En mis anteriores entradas hemos visto como la TV conectada, las redes sociales y el uso de los smartphones está creando unos procesos de comunicación más abiertos y bi-direccionales. Estos procesos no sólo enriquecen la experiencia de los usuarios, sino que también aportan información valiosa a las marcas.
En esta entrada me gustaría mencionar brevemente como los avances tecnológicos de la era digital también están alterando la planificación y, sobre todo, la evaluación de las campañas publicitarias online.
El anunciante en el momento que de lanzar una nueva campaña publicitaria siempre tiene el gran deseo de saber cómo está yendo la campaña, si la aceptación es buena y si se están consiguiendo los KPI’s previamente establecidos. No obstante, hasta hace muy poco este deseo de evaluación instántanea no podía ser satisfecho. En las campañas convencionales se tendía (y se sigue tendiendo) a realizar una evaluación una vez que haya terminado la campaña. El anunciante sólo tiene constancia del verdadero rendimiento de la campaña una vez que ya ha finalizado. Este tipo de evaluación posterior sólo sirve para aprender de los errores del pasado e intentar aplicar lo aprendido en la siguiente campaña.

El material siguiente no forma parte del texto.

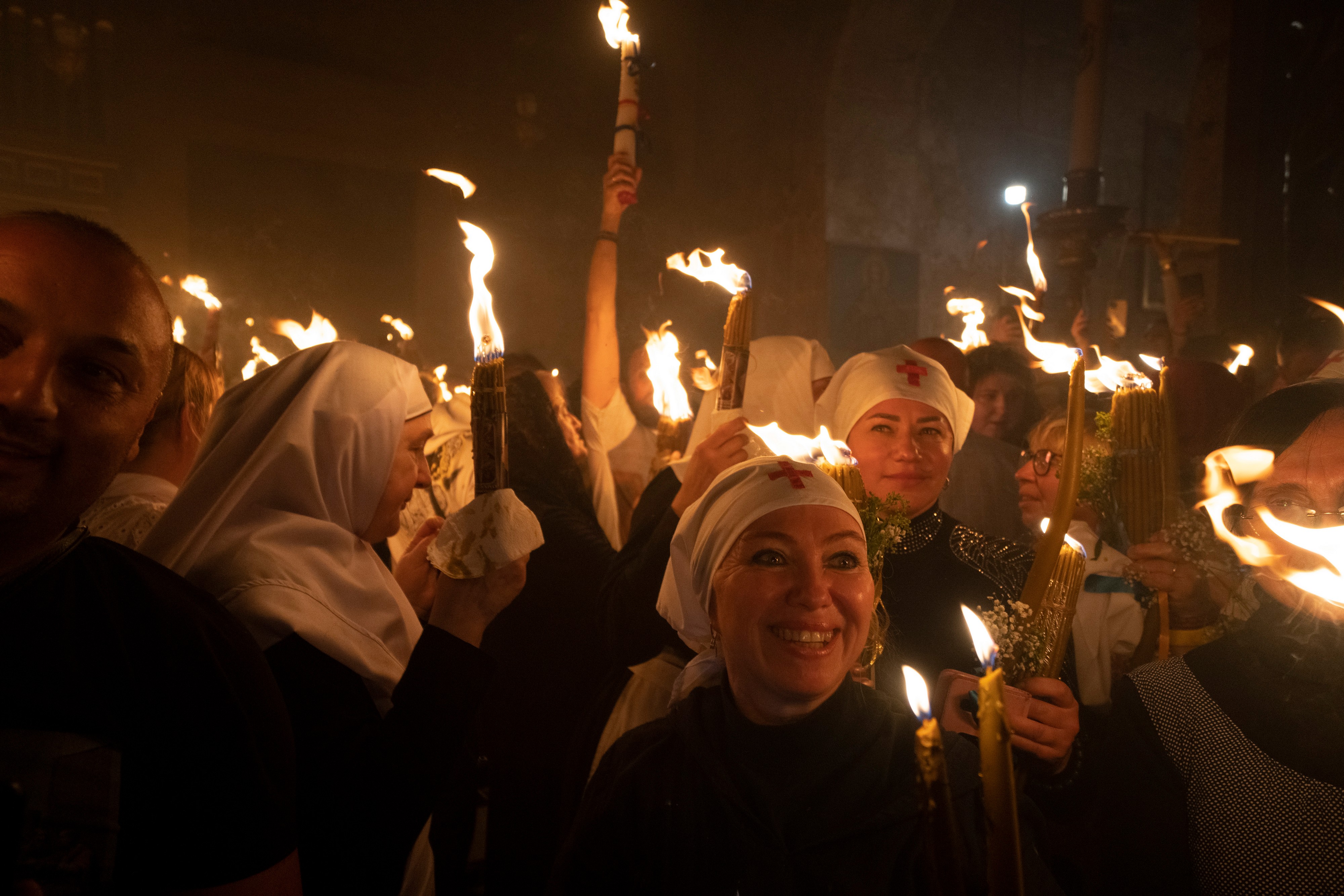 Christian Orthodox pilgrims hold candles during the Holy Fire ceremony at the Church of the Holy Sepulchre, where many Christians believe Jesus was crucified, buried and rose from the dead, in the Old City of Jerusalem, Saturday, May 4, 2024. In the annual ceremony that has been observed for over a millennium, a flame taken from Jesus' tomb is used to light the candles of fervent believers of Christian Orthodox communities near and far. The devout believe the origin of the flame is a miracle and is shrouded in mystery. (Photo by Leo Correa/AP Photo)

Con las nuevas herramientas digitales, la demanda de información en tiempo real por fin puede ser satisfecha. De este modo, el anunciante por fin puede realizar un seguimiento al segundo de la campaña y puedo, por tanto, tomar decisiones en tiempo real para mejorar el desarrollo de la campaña. Esto supone un gran avance para la publicidad, porque por primera vez la evaluación puede tener un efecto inmediato sobre la campaña actual.